MVNOの多くは、ドコモからネットワークを借りてサービスを提供している。この最も大きな理由は、ドコモのネットワーク利用料が、3大キャリアの中で一番安いからだ。
3社の料金を示したグラフから、10Mbps当たり月額30万円近くの差があることが分かる。この利用料は仕入れ値に当たるものなので、MVNOは自然と安いドコモのネットワークを使うようになる。また、ドコモが最も早くから現在のような形でネットワークを提供しており、体制が整っていること、ドコモが採用している通信方式は比較的シンプルで、幅広い端末を使えることもメリットだと内藤氏は分析している。
ネットワークの利用料は、「ルールによって」決められている。MNOはこれを原価+利潤を回収できる水準以下とする義務があると、電気通信事業法で定められている。MNOによってネットワークの整備にかかる費用は異なるので、原価もそれぞれ異なってくる。ネットワーク料金は構造的にどうしても異なってしまうものなのだ。
ただ、3キャリア間であまり差があるのは望ましくないということで、利潤の部分については、事業者によって差が出すぎないように、総務省が2017年2月に制度を見直した。それによって、最近のネットワーク利用料金は格差が少し縮小している。もちろん、引き続きドコモが一番安い状況は続いているが、こうした取り組みによって、1つのMNOにMVNOが集中せず、さまざまなMNOに広がっていくことを総務省は期待している。
SIMロックは、MNOが販売する端末が他のMNOでは利用できないように制限をかけることだが、最近注目されているのは、自社網を利用するMVNOでSIMロックを解除することなく端末を使えるかどうかだ。
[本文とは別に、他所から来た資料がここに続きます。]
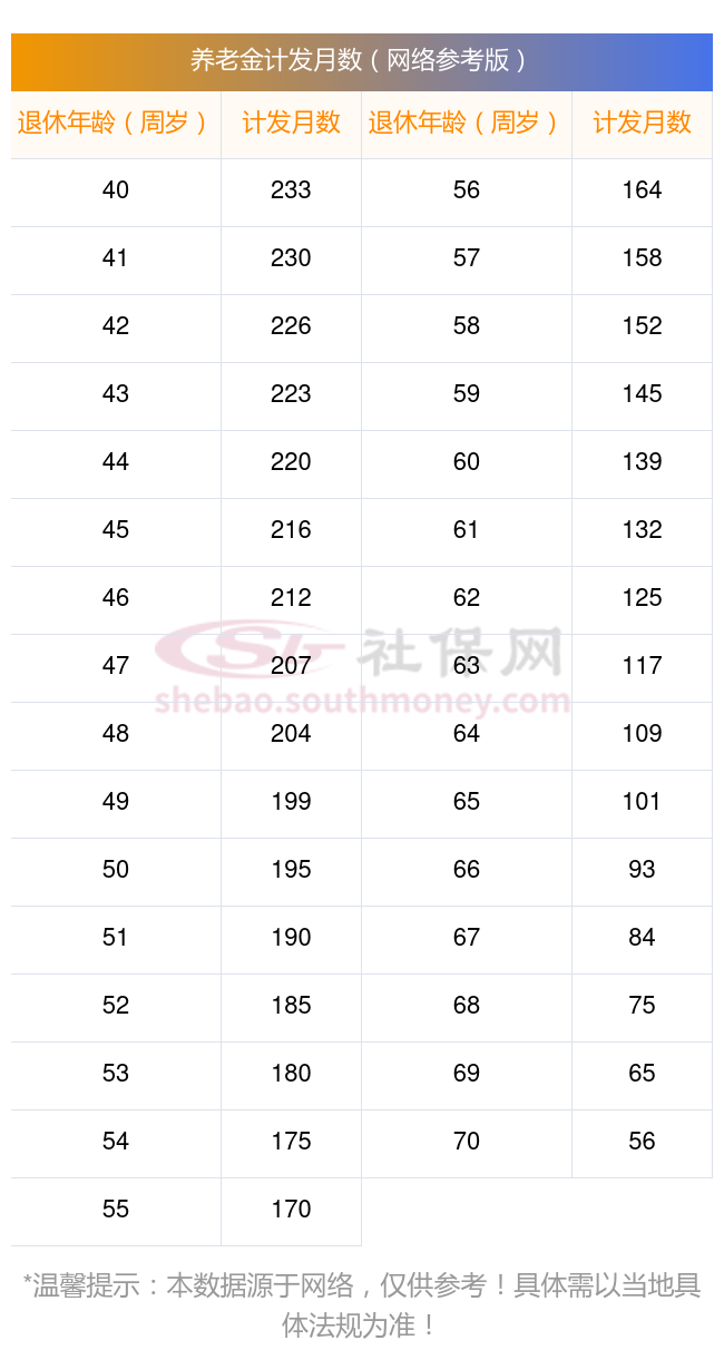 据了解,养老金计发月数是指养老金待遇计划发放的月数。目前,我国对于不同年龄段的退休职工,养老金计发月数有固定的法规。具体来说,60岁退休的职工,其个人账户养老金的计发月数为139个月;55岁退休的职工,计发月数为170个月;而50岁退休的职工,计发月数则为195个月。

ドコモは自社網を利用するMVNOに対してSIMロックをかけていないが、KDDIは一部、ソフトバンクは全体的にMVNOに対してもSIMロックがかかるような設定をしている。
SIMロックの解除については、総務省がガイドラインを設けて、2015年5月以降に発売された端末について義務化したが、新ガイドラインでは大きく2つの内容で見直しをしている。
1つは、MVNO向けのSIMロックの禁止。MVNO向けのSIMロックは、そもそも必要ないという結論になり、2017年の8月1日以降に新規発売になる端末について適用される。同じネットワークを利用するMVNOでは、SIMロックを解除せずに端末を利用できる。今のドコモ端末と同様の扱いだ。
また、SIMロック解除に応じるまでの期間が短縮され、割賦払いの場合は、割賦の1回目を支払いを確認できる「100日程度以下」の期間となる。これについても8月からの適用。一括払いの場合は、事業者が支払いを確認できた時点で速やかに解除可能にする。こちらはシステムの対応の関係で、2017年の12月以降から適用される。
内藤氏は総務省の役割について、「MVNOに対しては、MNOからネットワークを借りやすくすることで競争を加速させ、ユーザーに対しては、他の通信事業者のサービスを選びやすくすることをサポートする」ことだと語る。
今後は、「大手キャリアではできるのに、MVNOではできないことを減らしていき、ユーザーにとってMNOとMVNOで差がないという認識を広めていきたい」とした。例えば、IIJのHLR/HSSの導入もその一例だ。
また、大手キャリアが、特定のMVNOを優遇、あるいは不利にすることを防止していく。競争を促進するためにMVNOの参入を促していたが、一部を優遇したり、不利にしたりすることで、「MVNOを含めた一種のグループ化が進み、市場が3社の寡占的状況に戻ってしまうことを総務省としては懸念」している。
さらに、MVNOにおける消費者保護と不適正利用防止を充実させていく。MVNOのユーザーが増えたときには、設備増強に合わせてサポートのキャパシティーも高める必要がある。「消費者問題は、消費者のサービスに対する理解と、事業者が提供している情報のミスマッチから発生することが多い」と内藤氏は指摘。MVNOに関する深い知識が少ないユーザーも増えていく今後は、より分かりやすい情報提供が必要だとし、「総務省もモニタリングして、不備があれば改善を個別に図ってもらうようにしていきたい」と語った。